Incapaces de esperar

El debate sobre el modelo de negocio y el referente social en el que las librerías y el sector de la industria editorial quieren formar parte, estalló hace unos días con un anuncio de Casa del Libro, en el que la cadena de venta de Planeta anunciaba que se unía a Glovo para “facilitar la compra y entrega de libros en cuestión de minutos”. La avalancha de críticas no se hizo esperar contra la oferta de disponer un libro en media hora a costa de la explotación laboral. La Libre de Barrio, en Leganés, contestó con este mensaje a la promoción: “No es solo que no podamos, es que no queremos hacerlo. Nos encanta leer y que vengáis a por libros. Hacemos todo lo posible para enviarlos a tiempo, pero un libro no es una urgencia. No queremos contribuir al consumo de impulsos y a precarias aún más las condiciones laborales”, señalaron contundentes en su perfil de Twitter.

Por su parte el Gremio de Librerías de Madrid ha puesto en marcha su propia campaña, en la que aclaran que no quieren hacer “la típica campaña de concienciación para que la gente compre en librerías demonizando a las grandes plataformas”, en clara referencia a la puesta en marcha desde las librerías críticas. Sin embargo, el fondo de ambas campañas es compartido. El Gremio también quiere que los clientes reflexionen sobre “las consecuencias derivadas de la forma de comprar” y que las librerías vuelvan a recibir el apoyo de los barrios en los que están radicadas, como ocurrió con el final del confinamiento. Se definen como una “parte fundamental” del ecosistema de los barrios. “Por eso no es lo mismo comprar un libro en una librería de barrio que hacerlo en cualquier otro lugar”, añaden. El Gremio también ha compartido sus lemas: “Siéntente libro de decirlo no al algoritmo”; “No comprar en librerías está muy SEO”, entre otros mensajes.
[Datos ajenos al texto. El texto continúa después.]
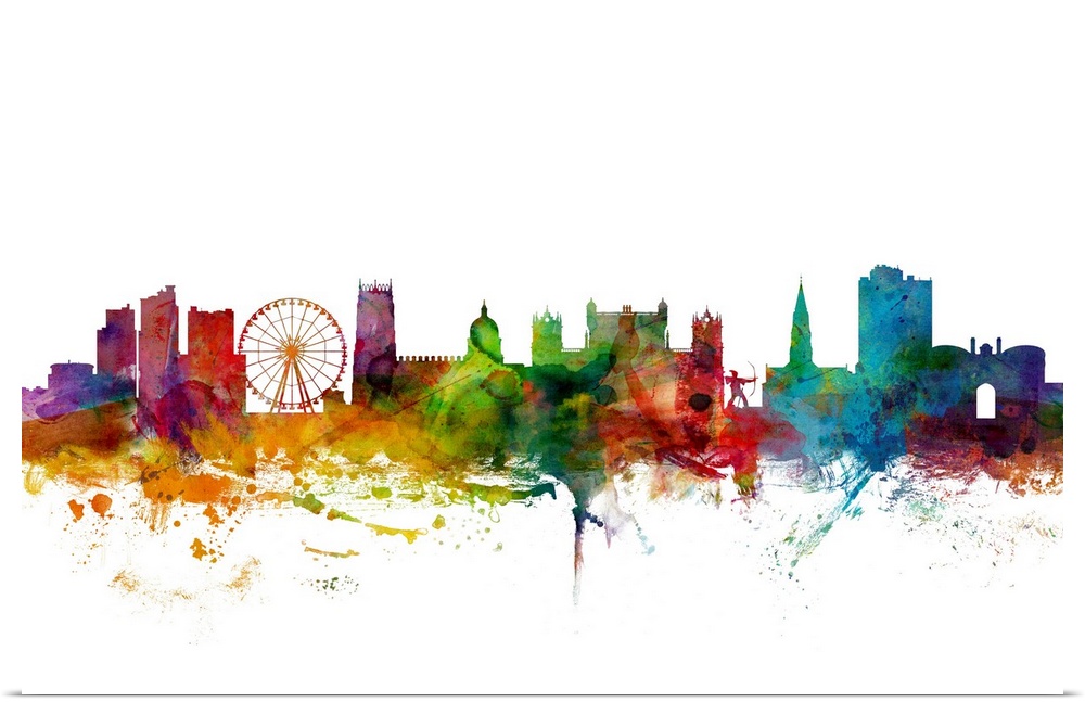 <p>Contemporary piece of artwork of the Nottingham skyline made of colorful paint splashes.</p>

Además, el Gremio de Libreros se ha hecho eco de un texto de Marta Martínez Carro, editora de ContraEscritura, dirigido a los editores para que se comprometan con la causa, se adhieran al escrito y no vendan sus libros en Amazon. Cree que es la mejor forma de manifestar su apoyo a las librerías. Aunque reconoce que si la facturación de la empresa depende en alto porcentaje de ventas de la cadena, “es razonable que no te sumes a su firma”. La Federación de Gremios de Editores de España (FGGEE) ha apuntado precisamente que gracias a Amazon -que no paró de vender en confinamiento- las ventas van a ser menos catastróficas de lo que habían previsto a principio de pandemia. Es difícil pensar en una editorial que a estas alturas pueda subsistir sin atender a Amazon.